A lot of bits and bytes being expended on the first hundred days of the Obama adminstration this week. The BBC has a nice slideshow, the LA Times has videos, picture galleries, reader commentary, the whole nine yards.
I thought it might be useful to look at the trajectory of the Dow Jones Industrial Index over the first hundred days (or thereabouts).
Most of what I’ve been reading today puts a positive spin on the president’s achievements in the first hundred days of his administration. But there’s a lot of counter-talk out there, too. Charges that the stimulus package has levied a colossal invoice on future generations, for example, and that much of the president’s new legislation has swollen government and neutered competition.
Reuters focuses on the next 100 days, and highlights healthcare and the Middle East as potential sticking points beyond the economic mess.

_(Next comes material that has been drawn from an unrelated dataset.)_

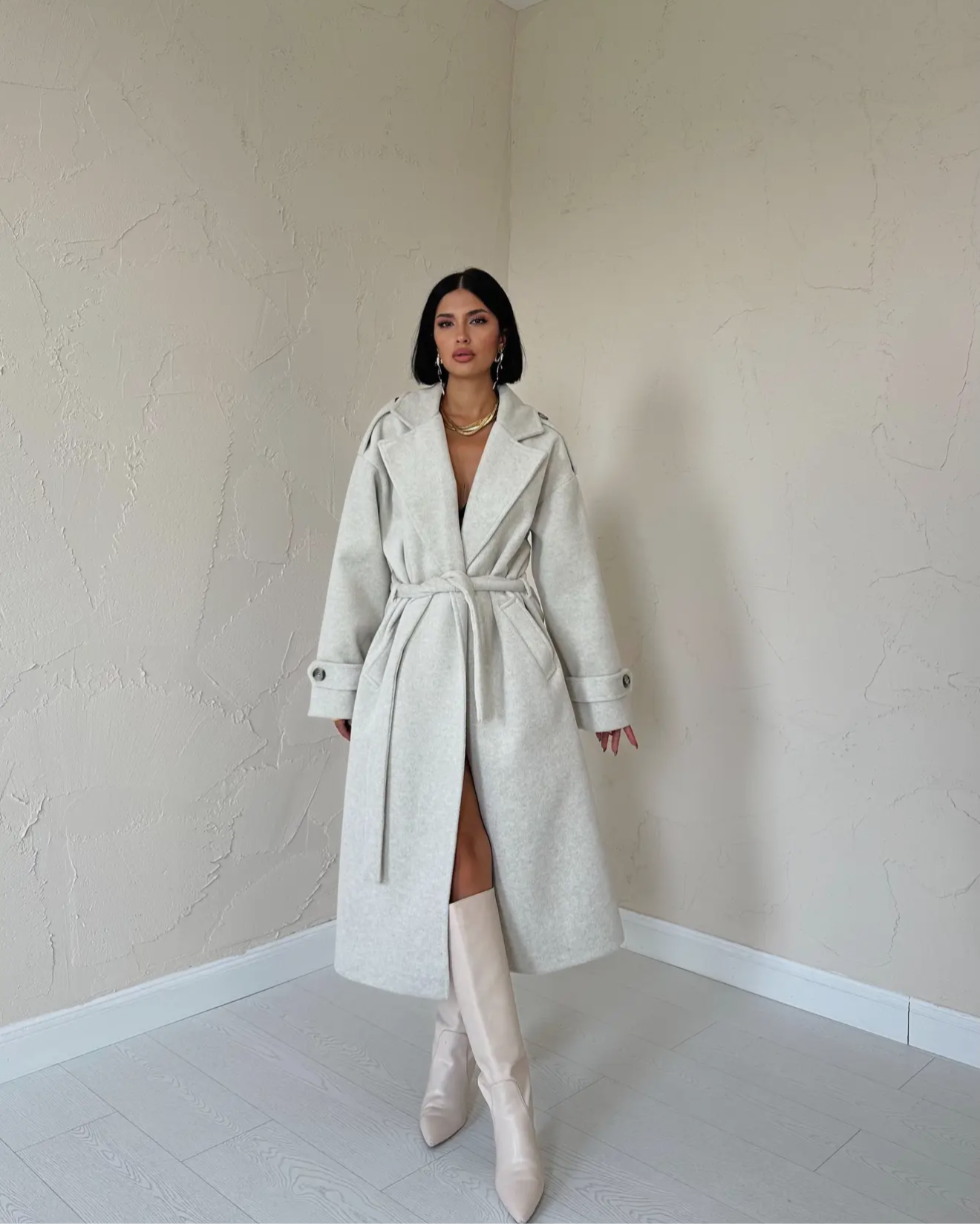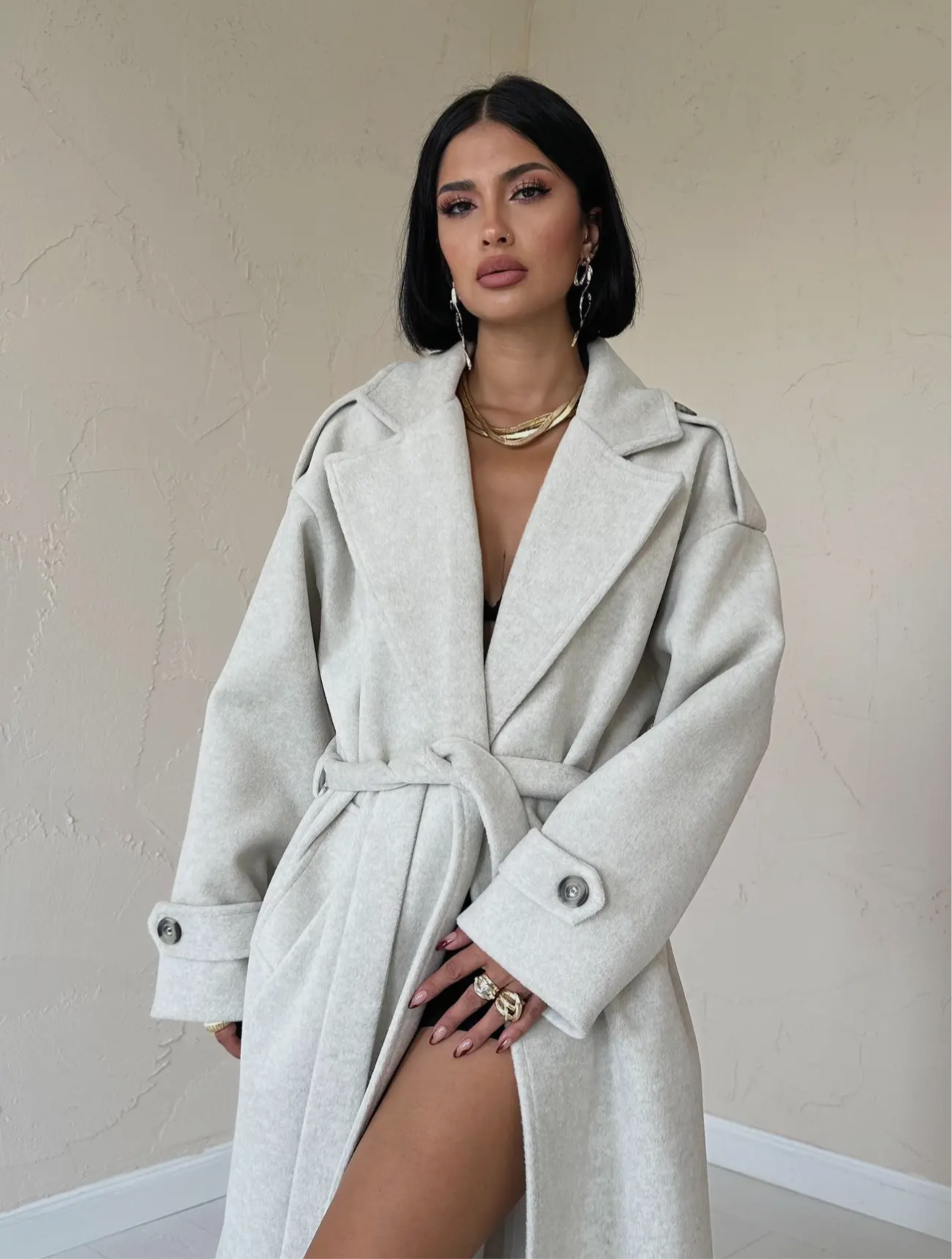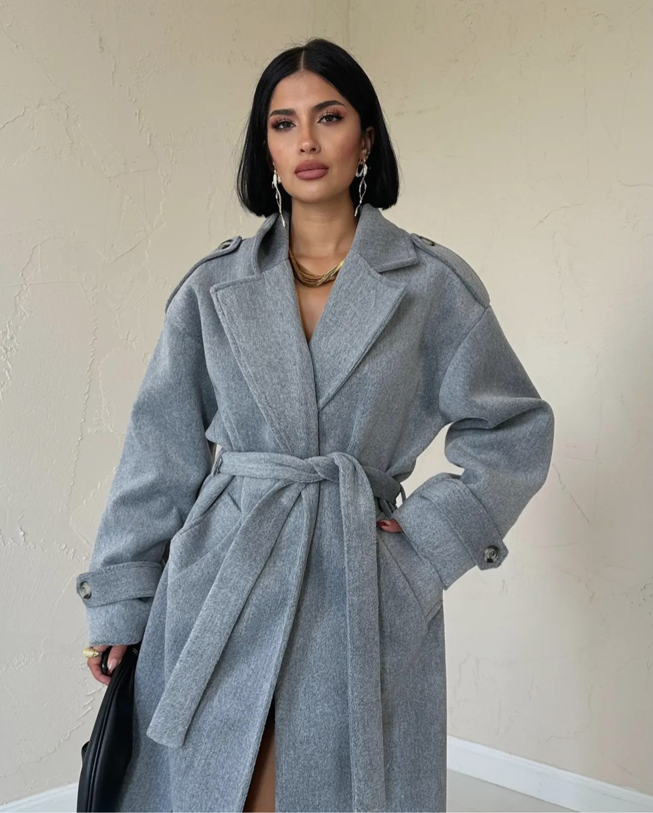 This long coat features a flap collar, two side pockets, and a belt at the waist for a stylish look. With its inner lining, it will keep you warm while being trendy. Perfect for fall and winter, add it to your collection now!

If you’re wondering why this focus on a hundred days, Time has a neat piece explaining the origin of our obsession. It all has to do with a Frenchman (a Corsican, to be precise). Obama may look like an overachiever to us, but he looks like milquetoast when compared with Napoleon Bonaparte. Back in 1815, Boney (as the English called him) escaped from exile in Elba (off the coast of Italy), marched across the Alps with 600 men, arrived in Paris with 6000, deposed the French King, recruited an army, and marched into Belgium to fight the English. All in 111 days.
Not bad, eh? Except the battle in Belgium took place at a village called Waterloo, the British were led by a chap called Arthur Wellesley, and Napoleon was so humiliated that he was forced to abdicate. To St Helena he went, until he died.
So, no overreaching, please, Mr President. For all our sakes.